**WHAT YOU HAVE TO DO**
Repeat the records exactly, with one exception: no images.
***** EXTRACTED DATA *****
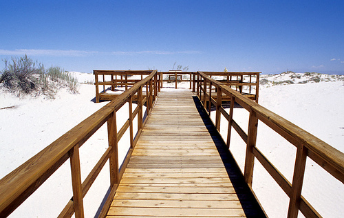 El Monumento Nacional de Arenas Blancas fue nombrado por el Presidente Herbert Hoover e inaugurado en el año 1934. Tiene un centro de visitantes en la puerta de acceso y partiendo de allí cuatro senderos diferenciados que permiten disfrutar de las dunas caminando. El paseo se puede hacer incluso descalzo pues el yeso no convierte en calor la luz solar de forma intensa. También se puede disfrutar en las dunas más grandes de deslizamientos con trineo.
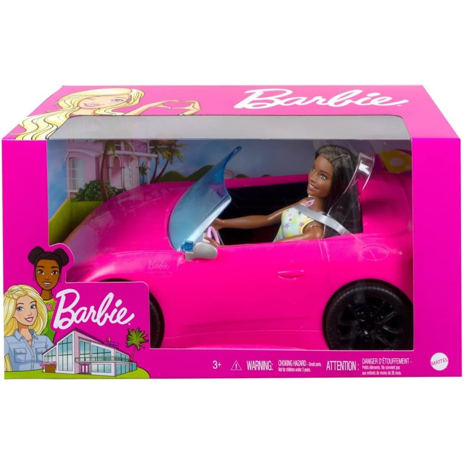 Kids can hit the road to storytelling fun with Barbie® doll and her hot-pink convertible vehicle! This doll and vehicle playset features a stylish, open-top car with a sporty shape, seating for two and realistic details, like a matte black grille and wheels, seatbelts and silvery accents. Fun touches with signature Barbie® style include a personalized license plate and Barbie® silhouette hood emblem. In a trendy dress with a starry print and stylish pink shoes, Barbie® doll is ready for any adventure kids can dream up. Doll cannot stand alone.
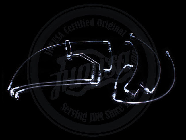 This kit has options for hard line or soft line in the engine bay, and only a soft line option behind the firewall. This kit is as easy as it can get to give your brake lines the "tucked" look. The installer only is required to drill holes for the bulkheads, and flare the 2 rear lines.
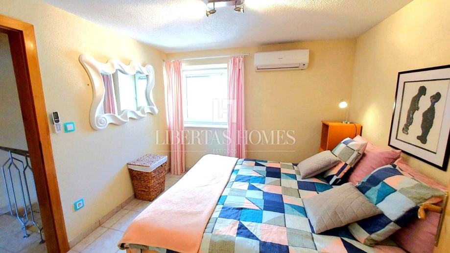 Ukupno raspolaže s tri spavaće sobe, tri kupaonice, kuhinjom s blagovaonicom i dnevnim boravkom, ostavom te prostranom terasom s koje se pruža očaravajući pogled na more i okolno mjesto. Interijer je klimatiziran, a kuća se prodaje u potpunosti namještena i opremljena, što novom vlasniku omogućuje useljenje bez dodatnih ulaganja.
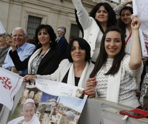 Home|Catholic convent, Maronite village latest targets of vandals in Israel|Pilgrims from Nazareth, Israel, hold poster advertising Pope Francis’ May 24-26 trip to Holy Land as they wait for start of general audience
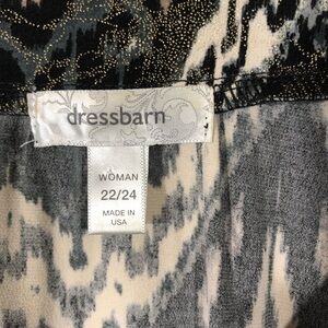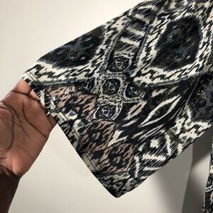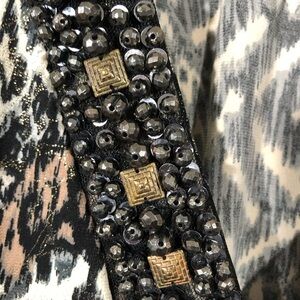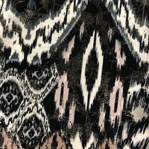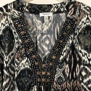 Abstract print blouse with gold tint, V neck, beading and gold studs around neckline. Pre-owned and in good condition.
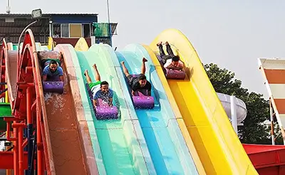 “Tornado Funnel” is a cone-shaped dia of 40ft. in which two riders at a time slide down on a raft entering through a tunnel length of 260ft. from a tower height of 40ft. with a momentary zero-gravity experience. The centrifugal forces keep the riders high on the wall for several turns and after a series of exciting oscillations through the funnel, they descend into a closed tunnel and splash into a pool of crystal clear water.
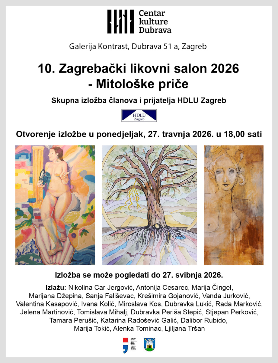U Galeriji Kontrast, Dubrava 51 a, otvara se 27. travnja u 18 sati skupna izložba slika članova i prijatelja HDLU Zagreb pod nazivom ‘’10. Zagrebački likovni salon 2026. – Mitološke priče’’. Izložba će se moći pogledati do 27. svibnja 2026., radnim danom od 10 do 20 sati. Ulaz je slobodan.
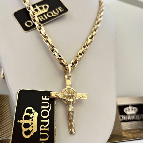 Conjunto de ouro amarelo 18k corrente trançada e pingente de cruz 3D 50 gramas
*****
**ANSWER**
 El Monumento Nacional de Arenas Blancas fue nombrado por el Presidente Herbert Hoover e inaugurado en el año 1934. Tiene un centro de visitantes en la puerta de acceso y partiendo de allí cuatro senderos diferenciados que permiten disfrutar de las dunas caminando. El paseo se puede hacer incluso descalzo pues el yeso no convierte en calor la luz solar de forma intensa. También se puede disfrutar en las dunas más grandes de deslizamientos con trineo.
 Kids can hit the road to storytelling fun with Barbie® doll and her hot-pink convertible vehicle! This doll and vehicle playset features a stylish, open-top car with a sporty shape, seating for two and realistic details, like a matte black grille and wheels, seatbelts and silvery accents. Fun touches with signature Barbie® style include a personalized license plate and Barbie® silhouette hood emblem. In a trendy dress with a starry print and stylish pink shoes, Barbie® doll is ready for any adventure kids can dream up. Doll cannot stand alone.
 This kit has options for hard line or soft line in the engine bay, and only a soft line option behind the firewall. This kit is as easy as it can get to give your brake lines the "tucked" look. The installer only is required to drill holes for the bulkheads, and flare the 2 rear lines.
 Ukupno raspolaže s tri spavaće sobe, tri kupaonice, kuhinjom s blagovaonicom i dnevnim boravkom, ostavom te prostranom terasom s koje se pruža očaravajući pogled na more i okolno mjesto. Interijer je klimatiziran, a kuća se prodaje u potpunosti namještena i opremljena, što novom vlasniku omogućuje useljenje bez dodatnih ulaganja.
 Home|Catholic convent, Maronite village latest targets of vandals in Israel|Pilgrims from Nazareth, Israel, hold poster advertising Pope Francis’ May 24-26 trip to Holy Land as they wait for start of general audience
 Abstract print blouse with gold tint, V neck, beading and gold studs around neckline. Pre-owned and in good condition.
 “Tornado Funnel” is a cone-shaped dia of 40ft. in which two riders at a time slide down on a raft entering through a tunnel length of 260ft. from a tower height of 40ft. with a momentary zero-gravity experience. The centrifugal forces keep the riders high on the wall for several turns and after a series of exciting oscillations through the funnel, they descend into a closed tunnel and splash into a pool of crystal clear water.
U Galeriji Kontrast, Dubrava 51 a, otvara se 27. travnja u 18 sati skupna izložba slika članova i prijatelja HDLU Zagreb pod nazivom ‘’10. Zagrebački likovni salon 2026. – Mitološke priče’’. Izložba će se moći pogledati do 27. svibnja 2026., radnim danom od 10 do 20 sati. Ulaz je slobodan.
 Conjunto de ouro amarelo 18k corrente trançada e pingente de cruz 3D 50 gramas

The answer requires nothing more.